3356.Zero_Array_Transformation_II(Medium).md

3356. Zero Array Transformation II (Medium)

Date and Time: Mar 13, 2025 (EST)

Link: https://leetcode.com/problems/zero-array-transformation-ii

Question:

You are given an integer array nums of length n and a 2D array queries where queries[i] = [l_i, r_i, val_i].

Each queries[i] represents the following action on nums:

• Decrement the value at each index in the range [l_i, r_i] in nums by at most val_i.

• The amount by which each value is decremented can be chosen independently for each index.

A Zero Array is an array with all its elements equal to 0.

Return the minimum possible non-negative value of k, such that after processing the first k queries in sequence, nums becomes a Zero Array. If no such k exists, return -1.

Example 1:

Input: nums = [2,0,2], queries = [[0,2,1],[0,2,1],[1,1,3]]
Output: 2
Explanation:

• For i = 0 (l = 0, r = 2, val = 1):
  • Decrement values at indices [0, 1, 2] by [1, 0, 1] respectively.
  • The array will become [1, 0, 1].
• For i = 1 (l = 0, r = 2, val = 1):
  • Decrement values at indices [0, 1, 2] by [1, 0, 1] respectively.
  • The array will become [0, 0, 0], which is a Zero Array. Therefore, the minimum value of k is 2.

Example 2:

Input: nums = [4,3,2,1], queries = [[1,3,2],[0,2,1]]
Output: -1
Explanation:

• For i = 0 (l = 1, r = 3, val = 2):
  • Decrement values at indices [1, 2, 3] by [2, 2, 1] respectively.
  • The array will become [4, 1, 0, 0].
• For i = 1 (l = 0, r = 2, val = 1):
  • Decrement values at indices [0, 1, 2] by [1, 1, 0] respectively.
  • The array will become [3, 0, 0, 0], which is not a Zero Array.

Constraints:

• $1<=\text{nums.length}<={10}^5$

• $0<=\text{nums[i]}<=5\ast {10}^5$

• $1<=\text{queries.length}<={10}^5$

• $\text{queries[i].length}==3$

• $0<=l_i<=r_i<\text{nums.length}$

• $1<=va{l}_i<=5$

Walk-through:

We use Binary Search on queries to find the minimum k we need that can make zero array.

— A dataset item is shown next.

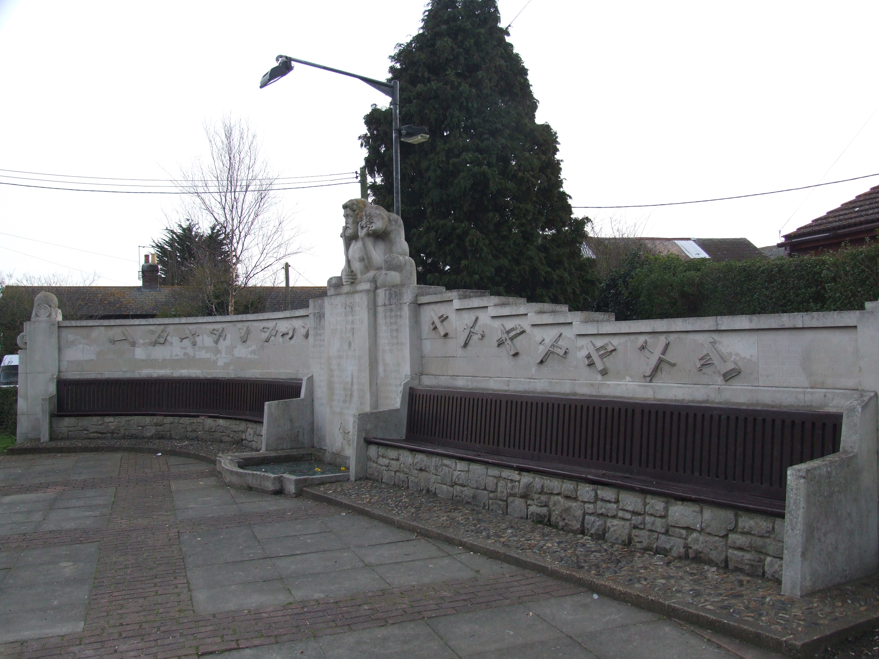 Eastchurch, Isle of Sheppey Kent. Aviation Memorial, Eastchurch was the first place in the UK, that the Wright Bros. used to fly their plane.

We can check by building difference array, where for each query = [l, r, v], we update diff[l] += val, diff[r+1] -= val, only two positions can represent the whole range. Because we need to calculate prefixSum, so if we add val at the beginning left of the range, we can keep this val in prefixSum until right+1, that's why we need to subtract val at right+1 in the end.

Each time we update the prefixSum, we also need to compare it with nums[i] to make sure prefixSum >= nums[i] for every element in nums. Otherwise, we can return False.

Python Solution:

class Solution:
    def minZeroArray(self, nums: List[int], queries: List[List[int]]) -> int:
        # Build differenceArray, +val at left, -val at right+1
        # Calculate the prefixSum and compare with each nums[i]
        # Want all current prefixSum >= nums[i]
        # Then use Binary Search to find the correct k, update to search the left of current k

        # TC: O((n+m)log(m)), m=len(queries), SC: O(n)
        def buildArray(k):
            diff = [0] * (len(nums) + 1)
            # Update diff for difference array
            for i in range(k):
                l, r, v = queries[i]
                diff[l] += v
                diff[r+1] -= v
            # Compare if prefixSum >= each elem in nums
            prefixSum = 0
            for i in range(len(nums)):
                prefixSum += diff[i]
                if prefixSum < nums[i]:
                    return False
            return True
        
        # Run Binary Search to find the correct k
        l, r = 0, len(queries)
        ans = float("inf")
        while l <= r:
            m = (l+r) // 2
            # If we successfully find one, find m's left
            if buildArray(m):
                ans = m
                r = m - 1
            else:
                l = m + 1
        return -1 if ans == float("inf") else ans

Time Complexity: $O((n+m)log(m))$, n is len(nums), m is len(queries). We apply Binary Search on queries, and each time we need to search on nums and queries.
Space Complexity: $O(n)$, we create a difference array = len(nums)+1 each time.